● **The problem**
Wherever a picture appears in the listing below, leave it out and reproduce the rest exactly.
--- Source material Enclosed Below ---
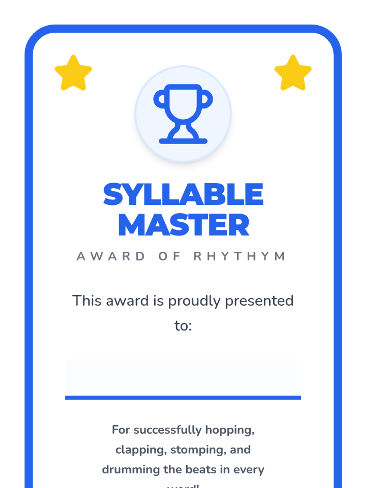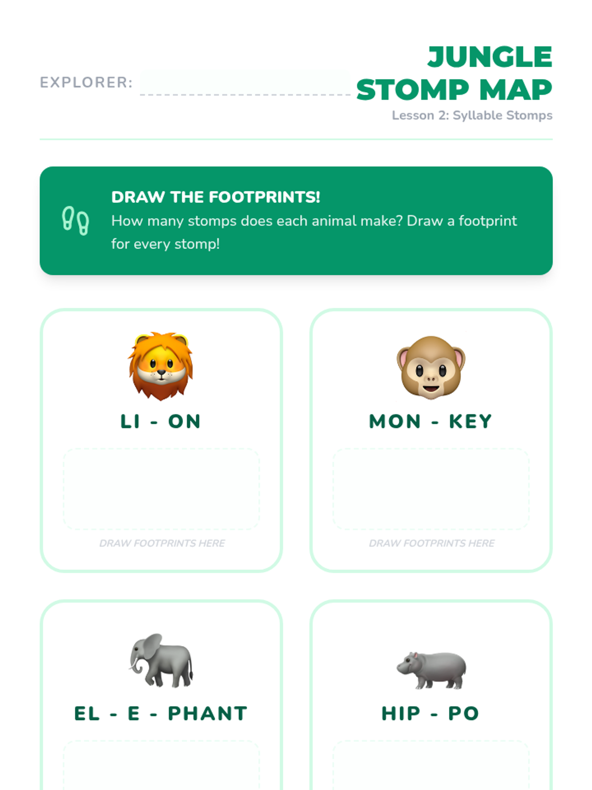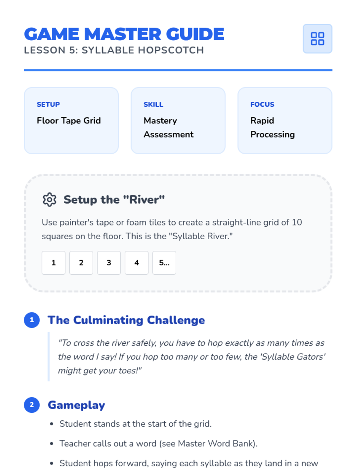 A Pre-K phonics sequence that uses rhythmic movement, gross motor skills, and musical elements to teach students how to identify and count syllables in words. Students progress from clapping names to stomping animal names and drumming out classroom objects.
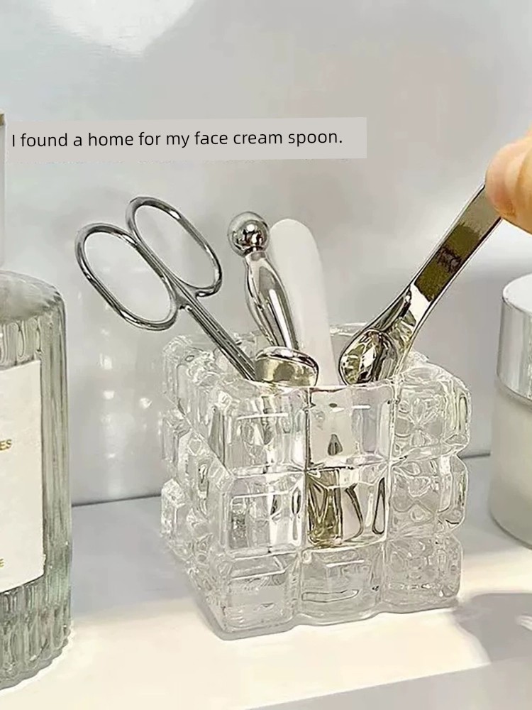 Mask Spoon Mirror Cabinet Storage Box Digging Cream Spoon Holder Glass Desktop Makeup Skin Care Eye Cream Pick Stick Brush
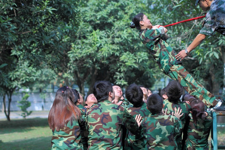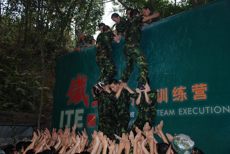 (六)畢業(yè)墻。全體團(tuán)隊(duì)的每個(gè)成員,不借助身體外的任何工具,齊心協(xié)力,在規(guī)定的時(shí)間內(nèi),翻越一面高達(dá)4.2米的光滑墻面。這是本次特訓(xùn)營(yíng)的最后一個(gè)項(xiàng)目,是對(duì)全體參訓(xùn)團(tuán)隊(duì)整合團(tuán)隊(duì)增強(qiáng)士氣和凝聚力最后的一個(gè)考驗(yàn)。
--- End of Enclosed Source material ---
● **Response**
 A Pre-K phonics sequence that uses rhythmic movement, gross motor skills, and musical elements to teach students how to identify and count syllables in words. Students progress from clapping names to stomping animal names and drumming out classroom objects.
 Mask Spoon Mirror Cabinet Storage Box Digging Cream Spoon Holder Glass Desktop Makeup Skin Care Eye Cream Pick Stick Brush
 (六)畢業(yè)墻。全體團(tuán)隊(duì)的每個(gè)成員,不借助身體外的任何工具,齊心協(xié)力,在規(guī)定的時(shí)間內(nèi),翻越一面高達(dá)4.2米的光滑墻面。這是本次特訓(xùn)營(yíng)的最后一個(gè)項(xiàng)目,是對(duì)全體參訓(xùn)團(tuán)隊(duì)整合團(tuán)隊(duì)增強(qiáng)士氣和凝聚力最后的一個(gè)考驗(yàn)。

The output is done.